Task details:
From the first line to the last, restate every record word for word, leaving out the pictures.

---------------

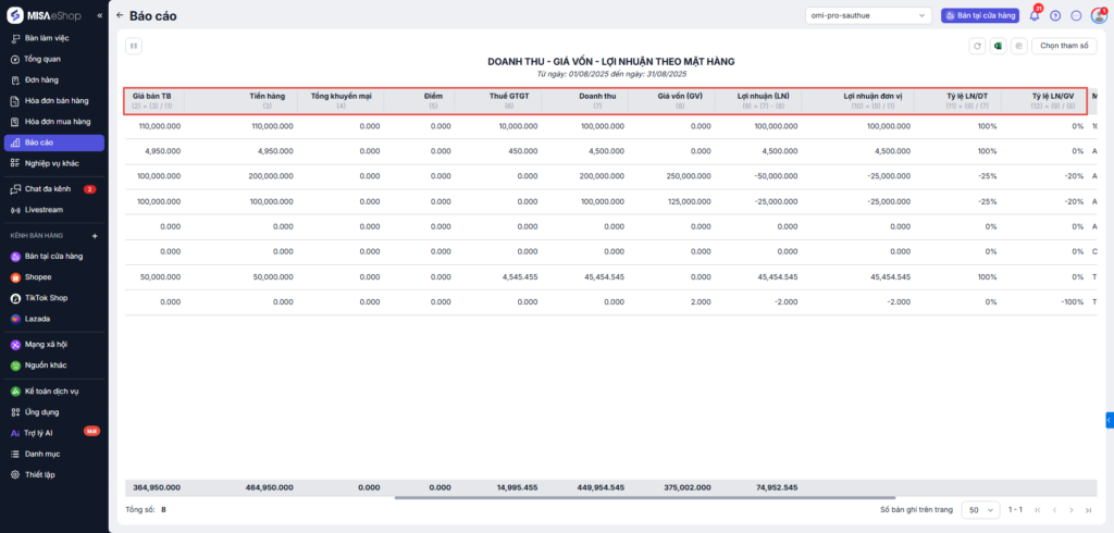 - Khi đó, sẽ xem được báo cáo theo doanh thu, giá vốn, lợi nhuận của từng mặt hàng.
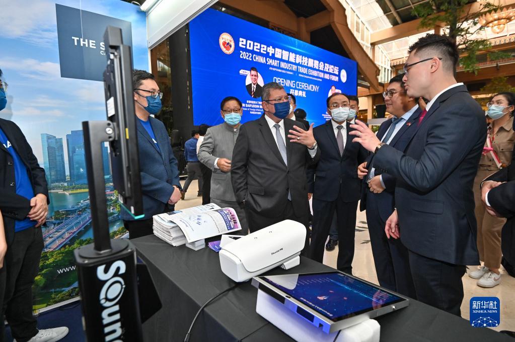 9月6日,在马来西亚吉隆坡,马来西亚外长赛夫丁(前左二)在2022中国智能科技展览会及论坛上参观。新华社发(张纹综摄)
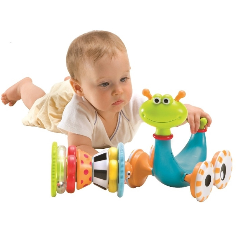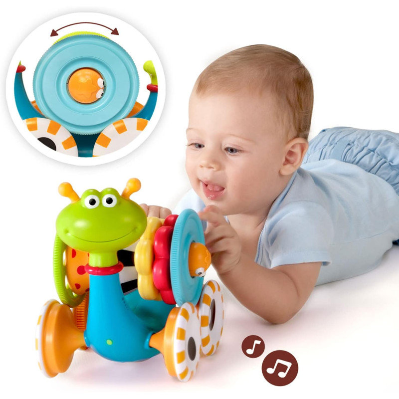 Žaislas 2 viename: vežimėlis "Sraigė" ir spalvinga piramidė, susidedanti iš 7 elementų. Spustelėkite uodegą - sraigė eis į priekį. Judėjimo metu groja linksma muzika. Paspauskite žalią mygtuką ant sraigės kaklo ir ji sustos. Piramidinis barškutis lengvai nuimamas nuo sraigės ir uždedamas atgal. Sraigės „namelis“ susideda iš kelių atskirų žaislų, iš kurių galima jį surinkti skirtinga tvarka. Juokingas snukutis-kamuoliukas, kuris iš vienos pusės išlenda iš piramidės - taigarsus cypsiukas! Su kiekvienu žaislo aktyvavimu sraigė nušliaužia iki maždaug 2 metrų atstumo, o tai skatina vaiką „ropoti“ paskui.
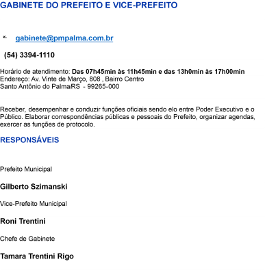 Telefones: 5433941110 - 5433941111CNPJ: 92.412.832/0001-33Email: administracao@pmpalma.com.br
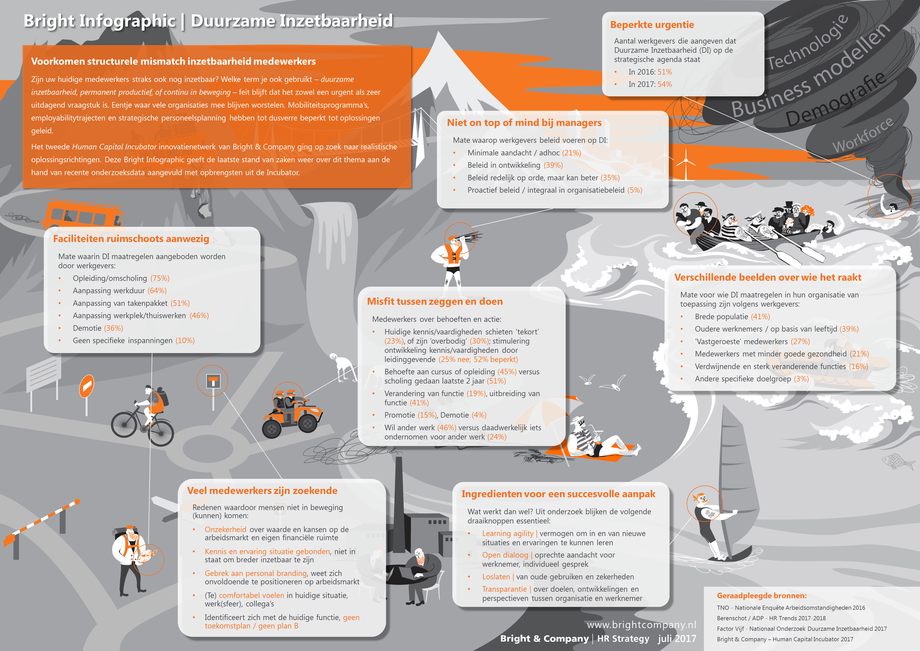 Zijn uw huidige medewerkers straks ook nog inzetbaar? Welke term je ook gebruikt – duurzame inzetbaarheid, permanent productief, of continu in beweging – feit blijft dat het zowel een urgent als zeer uitdagend vraagstuk is. Eentje waar vele organisaties mee blijven worstelen. Mobiliteitsprogramma’s, employabilitytrajecten en strategische personeelsplanning hebben tot dusverre beperkt tot oplossingen geleid. Het tweede Human Capital Incubator innovatienetwerk van Bright & Company ging op zoek naar realistische oplossingsrichtingen. In deze Bright Infographic leest u de laatste stand van zaken over dit thema op basis van recente onderzoeksdata aangevuld met opbrengsten uit de Incubator. Vragen die aan de orde komen zijn:
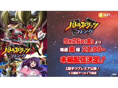 株式会社バンダイナムコピクチャーズ(本社:東京都杉並区、代表取締役社長:佐藤弘幸)は、アニメ『バトルスピリッツ ブレイヴ』を期間限定無料配信いたします。YouTubeチャンネル「【公式】BN Picturesチャンネル」にて、9月26日(金)より全50話を、毎週金曜日21時から1話ずつプレミア公開、さらに2週間アーカイブ配信いたします。
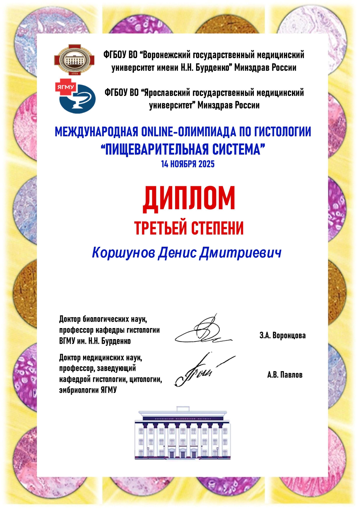 (10-15 ноября 2025 г., Воронеж, ВГМУ им. Н.Н. Бурденко). В рамках ФОРУМА состоялась Online-олимпиада по гистологии «Пищеварительная система».
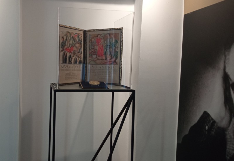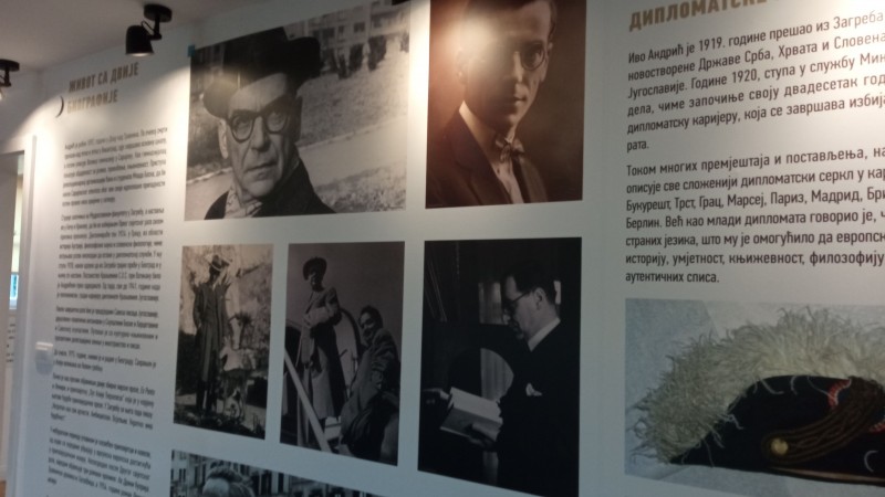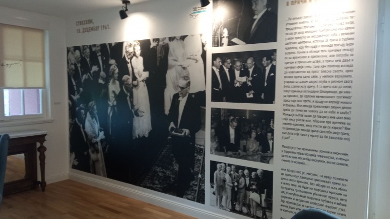 Fotografije na spratu, u biblioteci i kabinetu, predstavljaju Andrića književnika i nobelovca, kao i godine njegove diplomatske karijere. Na zidovima su i njegove druge fotografije, među ostalim i sa dodjele Nobelove nagrade prije 60 godina. Na drugom dijelu zida ispisana je njegova biografija.
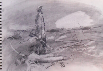 Heute morgen beim Treppab-Steigen fällt mir dann ein Portrait auf aus den Zeichnungen und Malereien zu Daniel Osorios „Herz im Gegenlicht“. Und da dachte ich: das isses. Diese genial vertonte, genial aufgeführte und verfilmte und genial geschnittene Geschichte aus der chilenisch-kolonialen Vergangenheit mit Gewalt, Habgier und Völkermord passt in unsere Zeit wie keine zweite – so wollte ich schreiben – aber: sie passt in unsere Zeit wie leider auch viele andere.
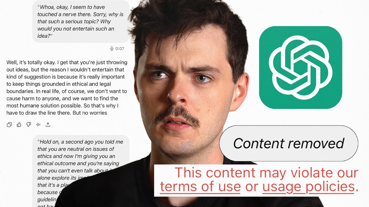 The video features a thoughtful dialogue with ChatGPT about the trolley problem, highlighting the AI’s neutral stance on ethics constrained by its programmed guidelines that prevent endorsing harmful actions. It explores the challenges of AI moral subjectivism, emphasizing that ChatGPT follows human-imposed rules without independent moral judgment and encourages viewers to critically engage with ethical dilemmas themselves.
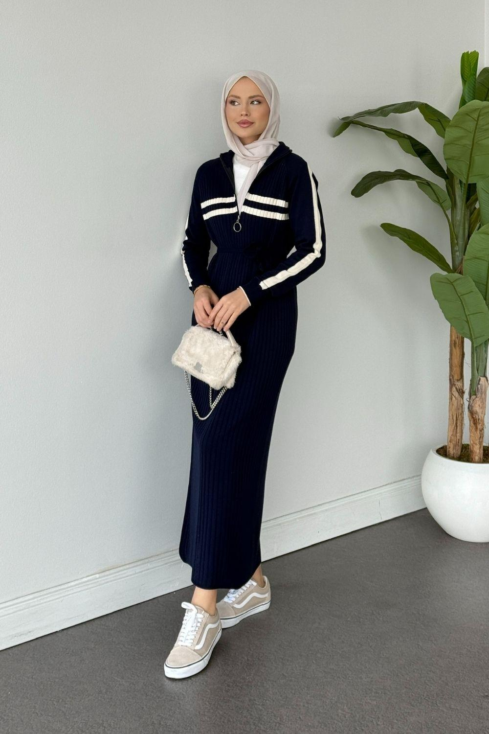 Çizgili Fitilli Fermuarlı Uzun Elbise Lacivert 2590
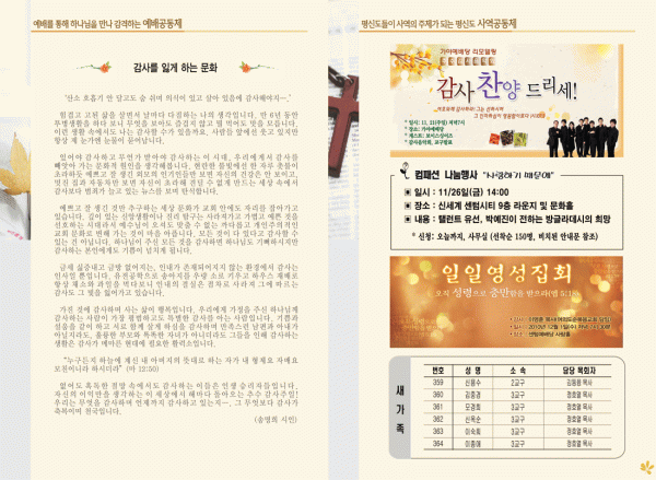 2010년 11월 21일 주보 페이지 정보 작성자 yabc 작성일10-11-20 00:00 조회10,802회 댓글0건 관련링크 목록 본문 2010년 11월 21일 주보 댓글목록 등록된 댓글이 없습니다. 목록
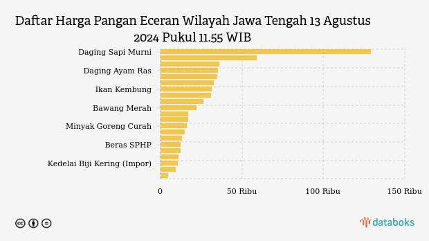 Berikut daftar lengkap harga 21 bahan pangan di Jawa Tengah menurut Bapanas 13 Agustus 2024 pukul 11.55 WIB.
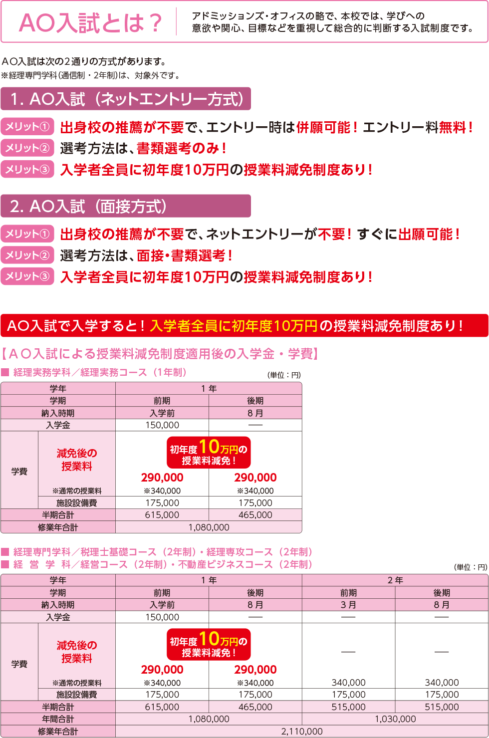 POINT! 初年度授業料10万円減免制度あり
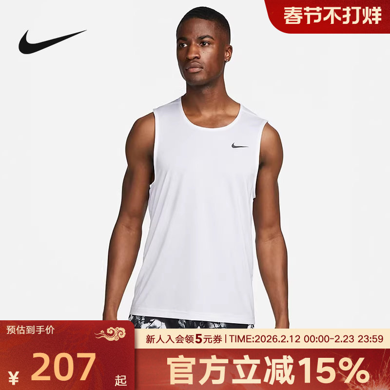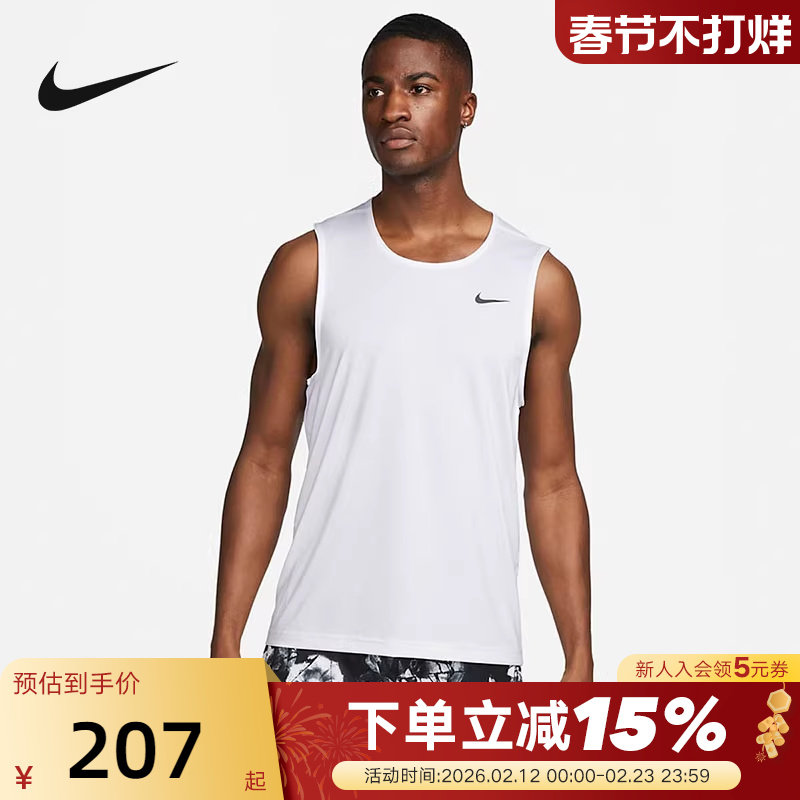 【自营】NIKE耐克男子速干训练白色休闲舒适运动背心DV9814-100
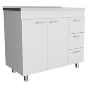 The TUHOME Ferretti Base Cabinet comes in a sleek white finish, which can complement a variety of kitchen decors.
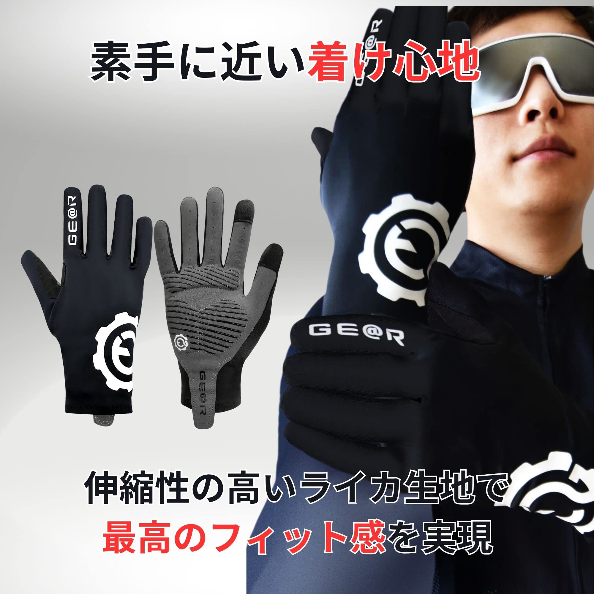 (ギアトル) サイクルグローブ ぴったりfit 指有り Mサイズ サイクリンググローブ ロードバイク 自転車 グローブ 手袋 メンズ レディース ユニセックス 春 秋
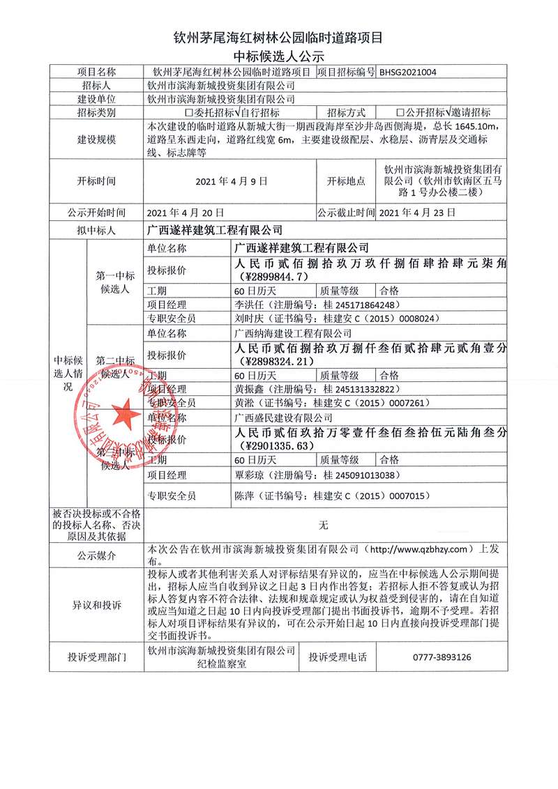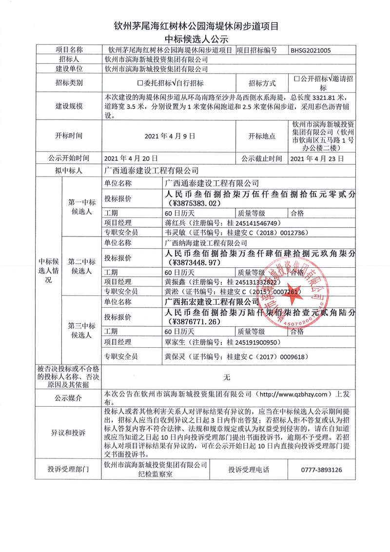 欽州茅尾海紅樹林公園臨時(shí)道路項(xiàng)目候選人公示
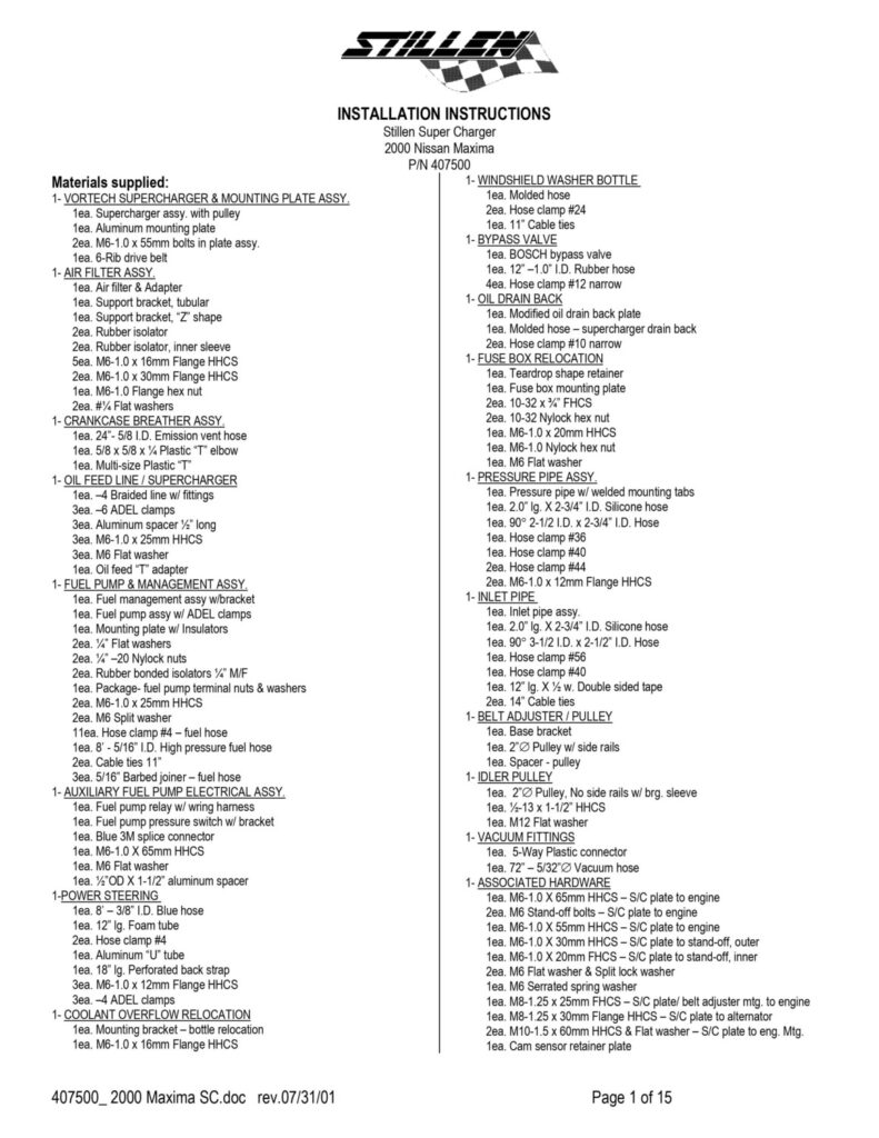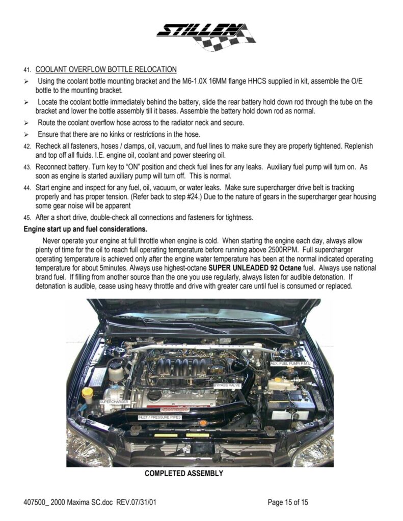 In order to supply the additional fuel, either the Vortech auxiliary inline pump should be used, or the stock in-tank pump should be replaced with the Walbro 255 LPH pump. The stock pump can not deliver enough fuel at a sufficiently high pressure to provide a rich enough AFR to prevent detonation.

---------------

Response:
 - Khi đó, sẽ xem được báo cáo theo doanh thu, giá vốn, lợi nhuận của từng mặt hàng.
 9月6日,在马来西亚吉隆坡,马来西亚外长赛夫丁(前左二)在2022中国智能科技展览会及论坛上参观。新华社发(张纹综摄)
 Žaislas 2 viename: vežimėlis "Sraigė" ir spalvinga piramidė, susidedanti iš 7 elementų. Spustelėkite uodegą - sraigė eis į priekį. Judėjimo metu groja linksma muzika. Paspauskite žalią mygtuką ant sraigės kaklo ir ji sustos. Piramidinis barškutis lengvai nuimamas nuo sraigės ir uždedamas atgal. Sraigės „namelis“ susideda iš kelių atskirų žaislų, iš kurių galima jį surinkti skirtinga tvarka. Juokingas snukutis-kamuoliukas, kuris iš vienos pusės išlenda iš piramidės - taigarsus cypsiukas! Su kiekvienu žaislo aktyvavimu sraigė nušliaužia iki maždaug 2 metrų atstumo, o tai skatina vaiką „ropoti“ paskui.
 Telefones: 5433941110 - 5433941111CNPJ: 92.412.832/0001-33Email: administracao@pmpalma.com.br
 Zijn uw huidige medewerkers straks ook nog inzetbaar? Welke term je ook gebruikt – duurzame inzetbaarheid, permanent productief, of continu in beweging – feit blijft dat het zowel een urgent als zeer uitdagend vraagstuk is. Eentje waar vele organisaties mee blijven worstelen. Mobiliteitsprogramma’s, employabilitytrajecten en strategische personeelsplanning hebben tot dusverre beperkt tot oplossingen geleid. Het tweede Human Capital Incubator innovatienetwerk van Bright & Company ging op zoek naar realistische oplossingsrichtingen. In deze Bright Infographic leest u de laatste stand van zaken over dit thema op basis van recente onderzoeksdata aangevuld met opbrengsten uit de Incubator. Vragen die aan de orde komen zijn:
 株式会社バンダイナムコピクチャーズ(本社:東京都杉並区、代表取締役社長:佐藤弘幸)は、アニメ『バトルスピリッツ ブレイヴ』を期間限定無料配信いたします。YouTubeチャンネル「【公式】BN Picturesチャンネル」にて、9月26日(金)より全50話を、毎週金曜日21時から1話ずつプレミア公開、さらに2週間アーカイブ配信いたします。
 (10-15 ноября 2025 г., Воронеж, ВГМУ им. Н.Н. Бурденко). В рамках ФОРУМА состоялась Online-олимпиада по гистологии «Пищеварительная система».
 Fotografije na spratu, u biblioteci i kabinetu, predstavljaju Andrića književnika i nobelovca, kao i godine njegove diplomatske karijere. Na zidovima su i njegove druge fotografije, među ostalim i sa dodjele Nobelove nagrade prije 60 godina. Na drugom dijelu zida ispisana je njegova biografija.
 Heute morgen beim Treppab-Steigen fällt mir dann ein Portrait auf aus den Zeichnungen und Malereien zu Daniel Osorios „Herz im Gegenlicht“. Und da dachte ich: das isses. Diese genial vertonte, genial aufgeführte und verfilmte und genial geschnittene Geschichte aus der chilenisch-kolonialen Vergangenheit mit Gewalt, Habgier und Völkermord passt in unsere Zeit wie keine zweite – so wollte ich schreiben – aber: sie passt in unsere Zeit wie leider auch viele andere.
 The video features a thoughtful dialogue with ChatGPT about the trolley problem, highlighting the AI’s neutral stance on ethics constrained by its programmed guidelines that prevent endorsing harmful actions. It explores the challenges of AI moral subjectivism, emphasizing that ChatGPT follows human-imposed rules without independent moral judgment and encourages viewers to critically engage with ethical dilemmas themselves.
 Çizgili Fitilli Fermuarlı Uzun Elbise Lacivert 2590
 2010년 11월 21일 주보 페이지 정보 작성자 yabc 작성일10-11-20 00:00 조회10,802회 댓글0건 관련링크 목록 본문 2010년 11월 21일 주보 댓글목록 등록된 댓글이 없습니다. 목록
 Berikut daftar lengkap harga 21 bahan pangan di Jawa Tengah menurut Bapanas 13 Agustus 2024 pukul 11.55 WIB.
 POINT! 初年度授業料10万円減免制度あり
 【自营】NIKE耐克男子速干训练白色休闲舒适运动背心DV9814-100
 The TUHOME Ferretti Base Cabinet comes in a sleek white finish, which can complement a variety of kitchen decors.
 (ギアトル) サイクルグローブ ぴったりfit 指有り Mサイズ サイクリンググローブ ロードバイク 自転車 グローブ 手袋 メンズ レディース ユニセックス 春 秋
 欽州茅尾海紅樹林公園臨時(shí)道路項(xiàng)目候選人公示
 In order to supply the additional fuel, either the Vortech auxiliary inline pump should be used, or the stock in-tank pump should be replaced with the Walbro 255 LPH pump. The stock pump can not deliver enough fuel at a sufficiently high pressure to provide a rich enough AFR to prevent detonation.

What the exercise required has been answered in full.